We cloned BjHMA4 from Brassica juncea, and quantitative real-time PCR analysis revealed that BjHMA4 was upregulated by Zn and Cd in the roots, stems and leaves. Overexpression of BjHMA4 dramatically affects Zn/Cd distribution in rice and wheat seedlings. Interestingly, BjHMA4 contains a repeat region named BjHMA4R within the C-terminal region; this repeat region is not far from the last transmembrane domain. We further characterized the detailed function of BjHMA4R via yeast and E. coli experiments. Notably, BjHMA4R greatly and specifically improved Cd tolerance, and BjHMA4R transformants both grew on solid media that contained 500 μM CdCl2 and presented improved Cd accumulation (approximately twice that of wild-type [WT] strains). Additionally, visualization via fluorescence microscopy indicated that BjHMA4R clearly localizes in the cytosol of yeast. Overall, these findings suggest that BjHMA4R specifically improves Cd tolerance and Cd accumulation in yeast by specifically binding Cd2+ in the cytosol under low heavy metal concentrations. Moreover, similar results in E. coli experiments corroborate this postulation.

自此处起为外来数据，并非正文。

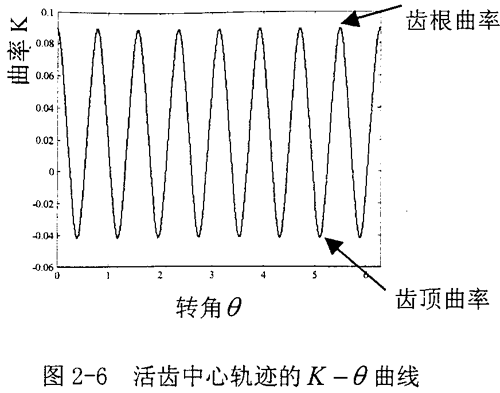 (1)由圖2-6中K-θ曲線可以看出,中心輪每一個(gè)齒在齒根處曲率最大,曲率半徑最小。沿著齒廓上升的過(guò)程中曲率減小到零后,繼續(xù)減小為負(fù)值。到達(dá)齒頂時(shí),曲率最小。
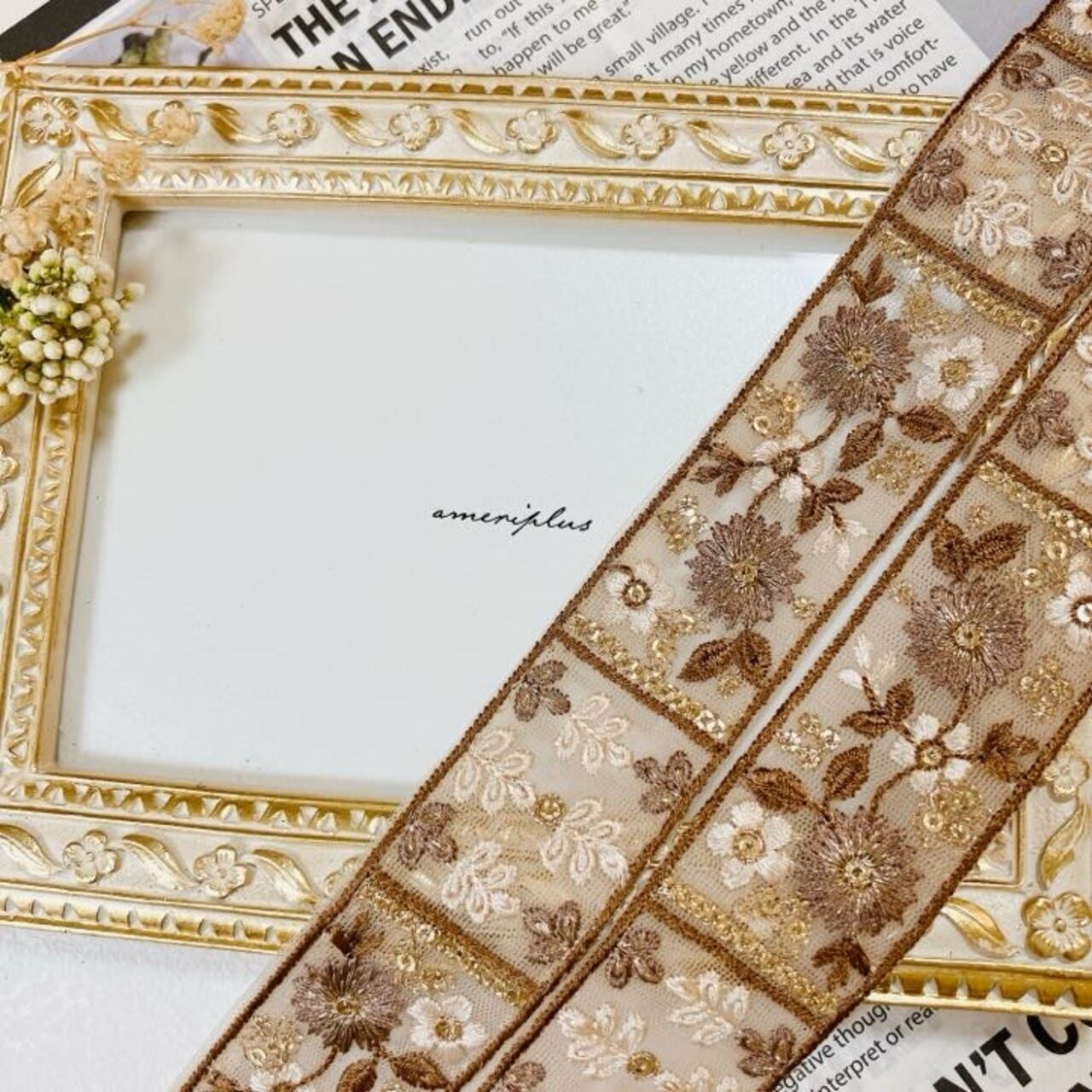 ブルームクラシック [モカブラウン]インド刺繍リボン A_0438
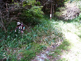 | 林道から尾根を目指した箇所 | 尾根には赤テープと踏み跡がある | 高土機山山頂まで続く薮っぽい踏み跡 |
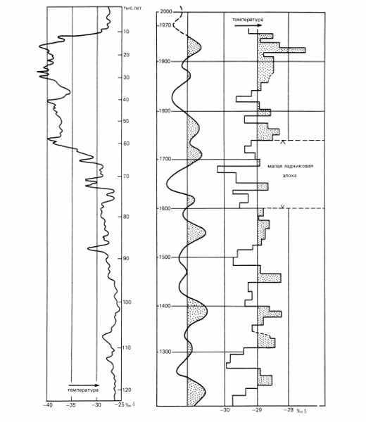 Посмотрим еще раз, что могут нам сообщить ледовые керны, взятые в гренландских и антарктических ледниках. Вот колонка, взятая на станции Кэмп-Сентури в Гренландии (рис. 34). Потепления и похолодания развивались параллельно в американском и европейском регионах. Можно видеть, что примерно 70 000 лет назад начался последний ледниковый период. Совпадает и время его окончания. То, что палеотемпературы определялись с помощью заслуживающих доверия методов, подтверждают, кстати, и исторические события. В Европе известен так называемый малый ледниковый период, приходившийся на 1600–1740 годы. Новое сильное похолодание было зафиксировано около 1820 года. Были и потепления, отмеченные в середине XVII и XVIII столетий и сравнительно недавно, около 1930 года. Исторические факты согласуются с данными радиоизотопного анализа гренландского льда. Эти данные можно экстраполировать на близкое и отдаленное будущее. Если сегодняшние природные условия сохранятся, в последующие два-три десятилетия похолодает, потом наступит значительное потепление, а максимальные температуры придутся на 2010– 2020 годы. При этом, однако, не учитывается такой важный фактор, как загрязнение атмосферы, которое, безусловно, скажет свое веское слово. Все это, разумеется, чистая теория, хотя и базирующаяся на реальных наблюдениях.
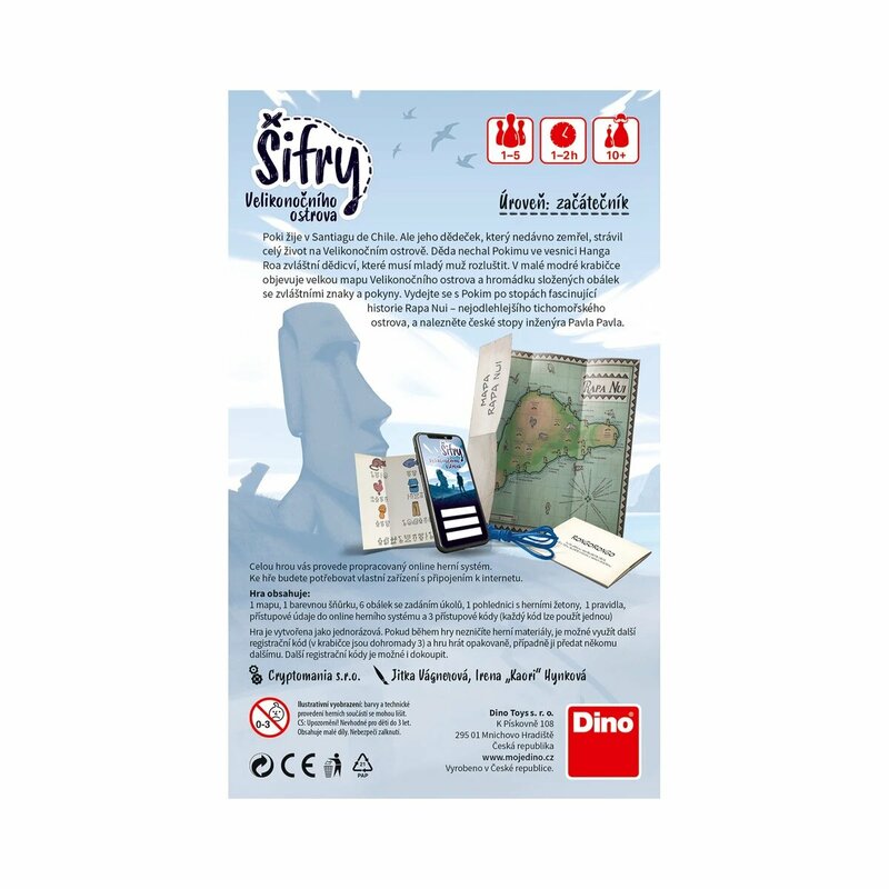Odhaľte tajomstvá Veľkonočného Ostrova (alebo ako mu hovoria domorodci Rapa Nui), ktoré zanechal jednému študentovi jeho dedko (on predtým žil na tomto ostrove). Podarí sa vám vylúštiť všetky šifry v krabičke Šifry Velikonočního ostrova? Môžete vyskúšaš riešiť tieto šifry sám, ale viac hláv toho viac vie, takže sa zabaví až 6 hráčov.
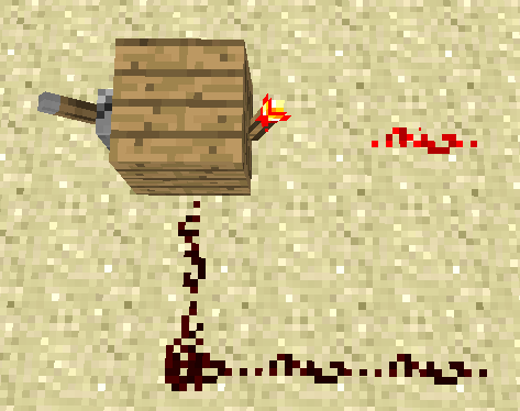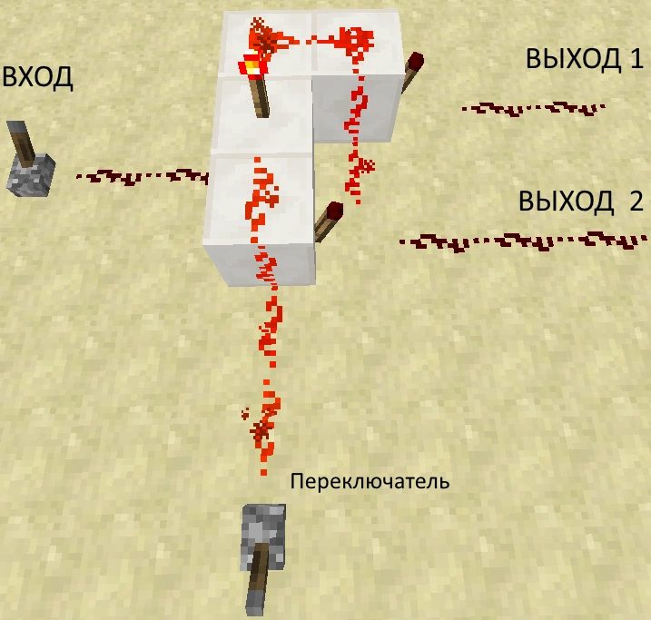 Простой переключатель[]Собственно ничего сложного. Рычаг либо включает факел и выключает нижний провод, либо наоборот. A если добавить AND вентиль, то возможна блокировка. |

BjHMA4R can specifically bind Cd2+ in the cytosol, thereby substantially and specifically improving Cd tolerance and accumulation under low heavy metal concentrations.
中文摘要(谷歌机翻)
HMA4转运蛋白参与二价重金属(Cd,Zn,Pb [铅]和Co [钴])的转运和结合。通常,作为外排泵,HMA4转运蛋白可以增加酵母和大肠杆菌的重金属耐受性。另外的研究表明,HMA4的C末端含有重金属结合结构域,并且酵母中来自该C末端结构域的一部分肽的异源表达提供了高水平的Cd耐受性和Cd超积累。
我们从芥菜中克隆了BjHMA4,定量实时PCR分析表明BjHMA4在根,茎和叶中被Zn和Cd上调。BjHMA4的过表达显着影响水稻和小麦幼苗的Zn / Cd分布。有趣的是,BjHMA4在C末端区域内含有一个名为BjHMA4R的重复区域;这个重复区域距离最后一个跨膜结构域不远。我们通过酵母和大肠杆菌实验进一步表征了BjHMA4R的详细功能。值得注意的是,BjHMA4R极大地且特异性地改善了Cd耐受性,并且BjHMA4R转化体均在含有500μMCdCl2的固体培养基上生长并且呈现出改善的Cd积累(大约是野生型[WT]菌株的两倍)。另外,通过荧光显微镜观察表明BjHMA4R清楚地定位于酵母的胞质溶胶中。总体而言,这些发现表明BjHMA4R通过在低重金属浓度下特异性结合胞质溶胶中的Cd2+,特异性地改善了酵母中的Cd耐受性和Cd积累。此外,大肠杆菌实验中的类似结果证实了这种假设。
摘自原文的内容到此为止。